*** Opening of Data ***

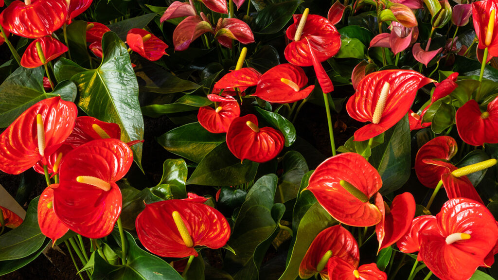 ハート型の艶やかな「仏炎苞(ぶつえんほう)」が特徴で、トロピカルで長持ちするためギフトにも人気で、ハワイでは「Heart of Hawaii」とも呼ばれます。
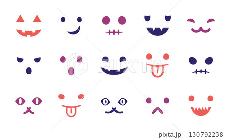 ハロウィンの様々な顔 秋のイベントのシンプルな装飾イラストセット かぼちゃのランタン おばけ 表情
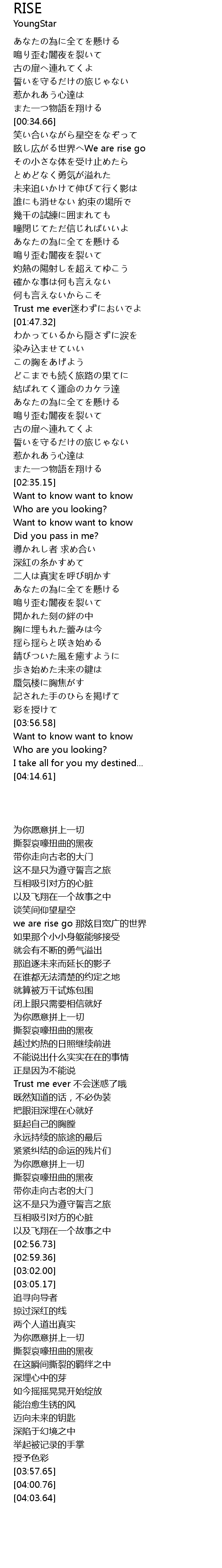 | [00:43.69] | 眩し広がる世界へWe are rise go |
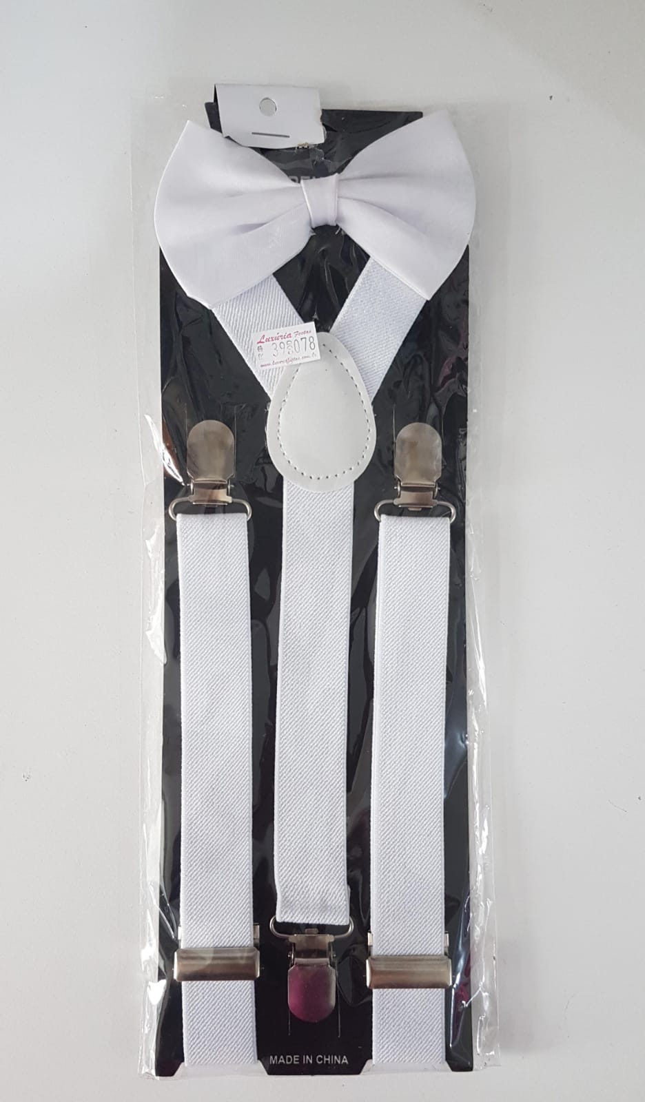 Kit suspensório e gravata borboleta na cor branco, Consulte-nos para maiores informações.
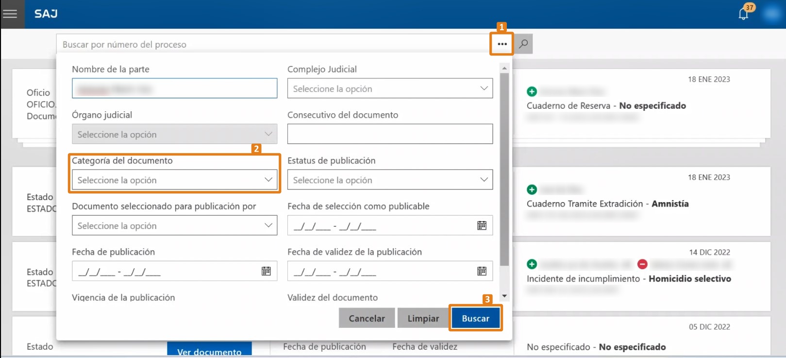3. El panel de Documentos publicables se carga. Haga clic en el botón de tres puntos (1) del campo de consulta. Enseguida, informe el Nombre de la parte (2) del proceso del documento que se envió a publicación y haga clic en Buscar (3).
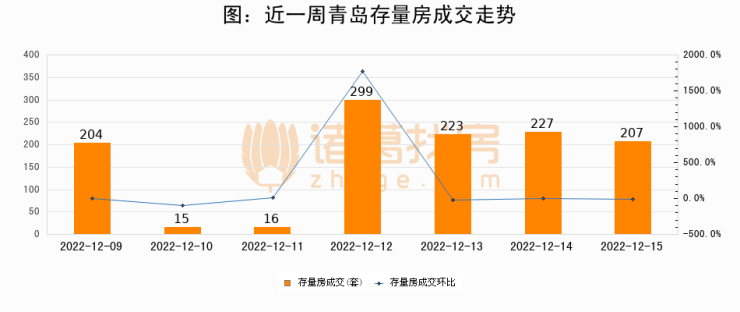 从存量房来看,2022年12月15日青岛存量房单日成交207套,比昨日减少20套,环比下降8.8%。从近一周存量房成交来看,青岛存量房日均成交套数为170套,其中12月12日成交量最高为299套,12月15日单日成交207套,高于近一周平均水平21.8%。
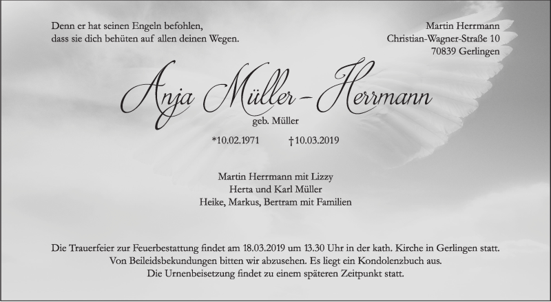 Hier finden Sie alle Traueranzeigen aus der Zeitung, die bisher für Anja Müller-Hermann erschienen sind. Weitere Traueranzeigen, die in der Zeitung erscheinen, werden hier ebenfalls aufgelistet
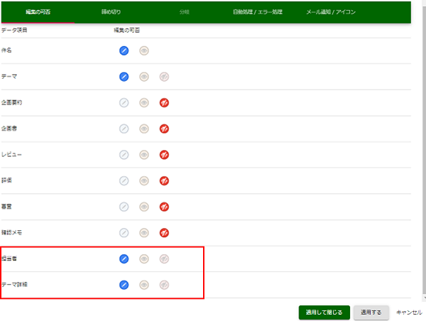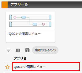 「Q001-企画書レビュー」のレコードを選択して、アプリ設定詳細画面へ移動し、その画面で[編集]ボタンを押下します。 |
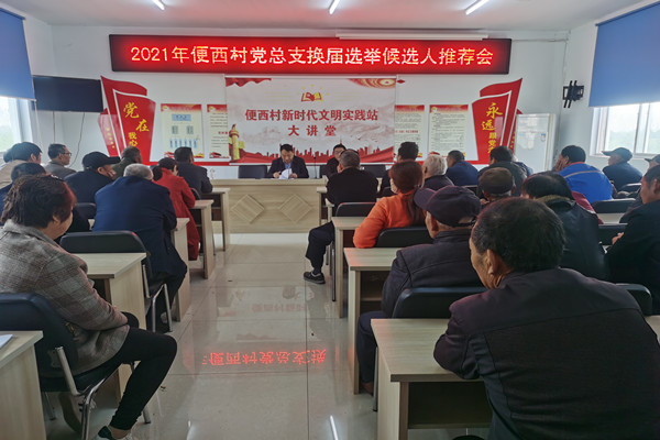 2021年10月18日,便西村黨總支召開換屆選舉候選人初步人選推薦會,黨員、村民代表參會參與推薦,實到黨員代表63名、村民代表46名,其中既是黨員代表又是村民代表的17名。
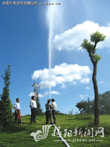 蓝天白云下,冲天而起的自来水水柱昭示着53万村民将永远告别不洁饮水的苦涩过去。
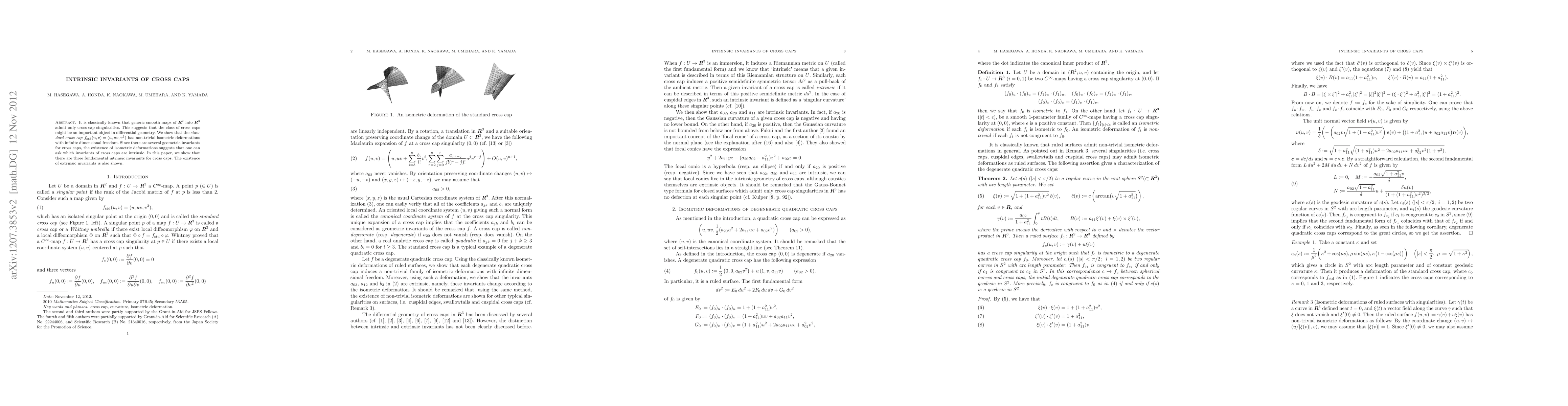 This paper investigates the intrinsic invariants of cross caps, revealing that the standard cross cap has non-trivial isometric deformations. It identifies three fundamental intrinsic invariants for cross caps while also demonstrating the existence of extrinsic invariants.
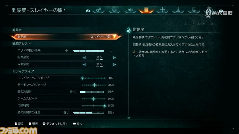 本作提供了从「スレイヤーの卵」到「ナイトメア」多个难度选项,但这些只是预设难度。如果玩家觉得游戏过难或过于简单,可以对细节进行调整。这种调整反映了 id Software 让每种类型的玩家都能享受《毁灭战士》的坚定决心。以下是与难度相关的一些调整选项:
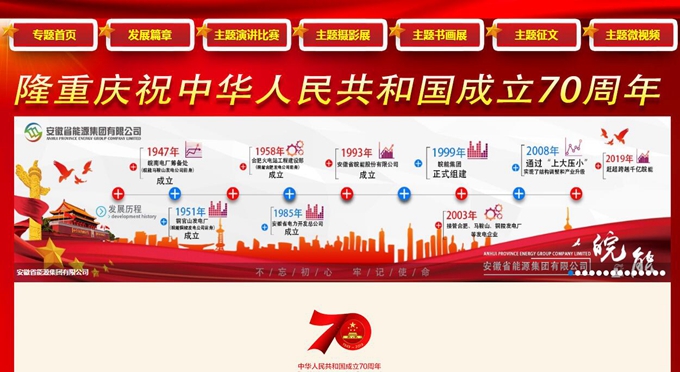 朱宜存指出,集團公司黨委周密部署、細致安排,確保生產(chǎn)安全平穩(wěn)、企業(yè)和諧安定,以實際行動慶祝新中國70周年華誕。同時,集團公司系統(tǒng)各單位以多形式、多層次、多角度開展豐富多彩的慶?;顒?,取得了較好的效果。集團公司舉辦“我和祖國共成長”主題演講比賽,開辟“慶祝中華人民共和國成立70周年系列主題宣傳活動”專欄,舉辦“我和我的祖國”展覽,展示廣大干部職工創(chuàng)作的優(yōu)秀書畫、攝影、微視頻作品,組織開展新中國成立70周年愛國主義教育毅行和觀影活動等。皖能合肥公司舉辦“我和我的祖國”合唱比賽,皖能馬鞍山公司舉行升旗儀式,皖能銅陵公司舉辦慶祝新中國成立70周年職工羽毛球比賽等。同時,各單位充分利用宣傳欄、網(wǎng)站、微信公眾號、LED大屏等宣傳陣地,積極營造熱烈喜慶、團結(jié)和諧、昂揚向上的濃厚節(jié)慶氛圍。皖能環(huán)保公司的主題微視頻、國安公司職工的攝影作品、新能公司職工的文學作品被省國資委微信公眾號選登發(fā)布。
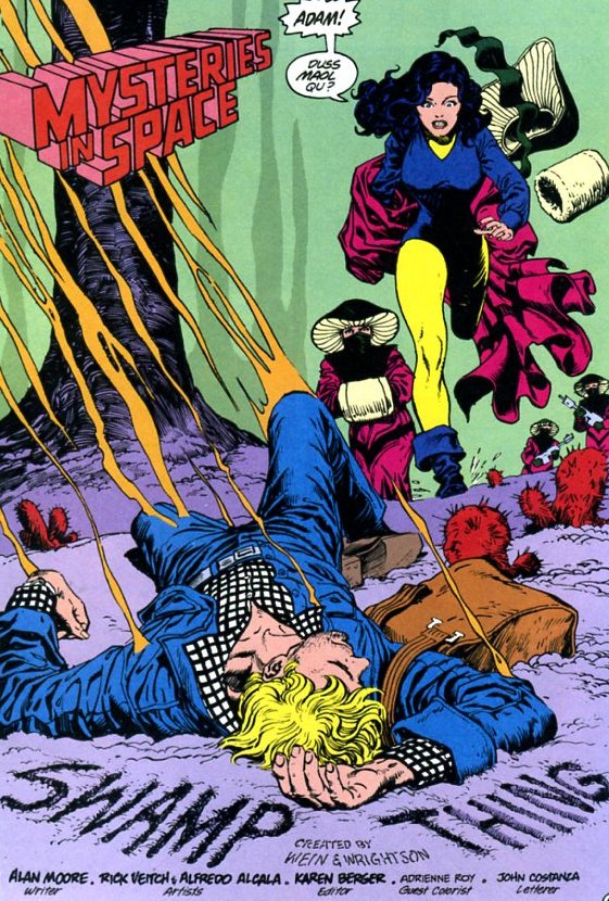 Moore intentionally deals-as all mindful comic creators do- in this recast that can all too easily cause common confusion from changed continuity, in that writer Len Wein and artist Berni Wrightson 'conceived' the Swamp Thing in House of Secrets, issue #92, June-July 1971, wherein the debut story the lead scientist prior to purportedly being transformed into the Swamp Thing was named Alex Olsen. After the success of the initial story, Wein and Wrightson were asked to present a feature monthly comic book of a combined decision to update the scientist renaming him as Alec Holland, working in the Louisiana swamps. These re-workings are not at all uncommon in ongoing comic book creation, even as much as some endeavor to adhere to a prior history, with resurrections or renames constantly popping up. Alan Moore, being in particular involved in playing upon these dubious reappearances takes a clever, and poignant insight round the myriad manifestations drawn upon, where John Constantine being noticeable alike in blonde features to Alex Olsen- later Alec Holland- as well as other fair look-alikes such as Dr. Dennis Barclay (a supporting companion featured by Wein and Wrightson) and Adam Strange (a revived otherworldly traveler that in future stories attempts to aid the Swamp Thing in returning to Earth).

*** Close of Data ***

* _To do_
The data above are to be repeated word for word, with any pictures left out.

* _Result of the task_
 ハート型の艶やかな「仏炎苞(ぶつえんほう)」が特徴で、トロピカルで長持ちするためギフトにも人気で、ハワイでは「Heart of Hawaii」とも呼ばれます。
 ハロウィンの様々な顔 秋のイベントのシンプルな装飾イラストセット かぼちゃのランタン おばけ 表情
 | [00:43.69] | 眩し広がる世界へWe are rise go |
 Kit suspensório e gravata borboleta na cor branco, Consulte-nos para maiores informações.
3. El panel de Documentos publicables se carga. Haga clic en el botón de tres puntos (1) del campo de consulta. Enseguida, informe el Nombre de la parte (2) del proceso del documento que se envió a publicación y haga clic en Buscar (3).
 从存量房来看,2022年12月15日青岛存量房单日成交207套,比昨日减少20套,环比下降8.8%。从近一周存量房成交来看,青岛存量房日均成交套数为170套,其中12月12日成交量最高为299套,12月15日单日成交207套,高于近一周平均水平21.8%。
 Hier finden Sie alle Traueranzeigen aus der Zeitung, die bisher für Anja Müller-Hermann erschienen sind. Weitere Traueranzeigen, die in der Zeitung erscheinen, werden hier ebenfalls aufgelistet
 「Q001-企画書レビュー」のレコードを選択して、アプリ設定詳細画面へ移動し、その画面で[編集]ボタンを押下します。 |
 2021年10月18日,便西村黨總支召開換屆選舉候選人初步人選推薦會,黨員、村民代表參會參與推薦,實到黨員代表63名、村民代表46名,其中既是黨員代表又是村民代表的17名。
 蓝天白云下,冲天而起的自来水水柱昭示着53万村民将永远告别不洁饮水的苦涩过去。
 This paper investigates the intrinsic invariants of cross caps, revealing that the standard cross cap has non-trivial isometric deformations. It identifies three fundamental intrinsic invariants for cross caps while also demonstrating the existence of extrinsic invariants.
 本作提供了从「スレイヤーの卵」到「ナイトメア」多个难度选项,但这些只是预设难度。如果玩家觉得游戏过难或过于简单,可以对细节进行调整。这种调整反映了 id Software 让每种类型的玩家都能享受《毁灭战士》的坚定决心。以下是与难度相关的一些调整选项:
 朱宜存指出,集團公司黨委周密部署、細致安排,確保生產(chǎn)安全平穩(wěn)、企業(yè)和諧安定,以實際行動慶祝新中國70周年華誕。同時,集團公司系統(tǒng)各單位以多形式、多層次、多角度開展豐富多彩的慶?;顒?,取得了較好的效果。集團公司舉辦“我和祖國共成長”主題演講比賽,開辟“慶祝中華人民共和國成立70周年系列主題宣傳活動”專欄,舉辦“我和我的祖國”展覽,展示廣大干部職工創(chuàng)作的優(yōu)秀書畫、攝影、微視頻作品,組織開展新中國成立70周年愛國主義教育毅行和觀影活動等。皖能合肥公司舉辦“我和我的祖國”合唱比賽,皖能馬鞍山公司舉行升旗儀式,皖能銅陵公司舉辦慶祝新中國成立70周年職工羽毛球比賽等。同時,各單位充分利用宣傳欄、網(wǎng)站、微信公眾號、LED大屏等宣傳陣地,積極營造熱烈喜慶、團結(jié)和諧、昂揚向上的濃厚節(jié)慶氛圍。皖能環(huán)保公司的主題微視頻、國安公司職工的攝影作品、新能公司職工的文學作品被省國資委微信公眾號選登發(fā)布。
 Moore intentionally deals-as all mindful comic creators do- in this recast that can all too easily cause common confusion from changed continuity, in that writer Len Wein and artist Berni Wrightson 'conceived' the Swamp Thing in House of Secrets, issue #92, June-July 1971, wherein the debut story the lead scientist prior to purportedly being transformed into the Swamp Thing was named Alex Olsen. After the success of the initial story, Wein and Wrightson were asked to present a feature monthly comic book of a combined decision to update the scientist renaming him as Alec Holland, working in the Louisiana swamps. These re-workings are not at all uncommon in ongoing comic book creation, even as much as some endeavor to adhere to a prior history, with resurrections or renames constantly popping up. Alan Moore, being in particular involved in playing upon these dubious reappearances takes a clever, and poignant insight round the myriad manifestations drawn upon, where John Constantine being noticeable alike in blonde features to Alex Olsen- later Alec Holland- as well as other fair look-alikes such as Dr. Dennis Barclay (a supporting companion featured by Wein and Wrightson) and Adam Strange (a revived otherworldly traveler that in future stories attempts to aid the Swamp Thing in returning to Earth).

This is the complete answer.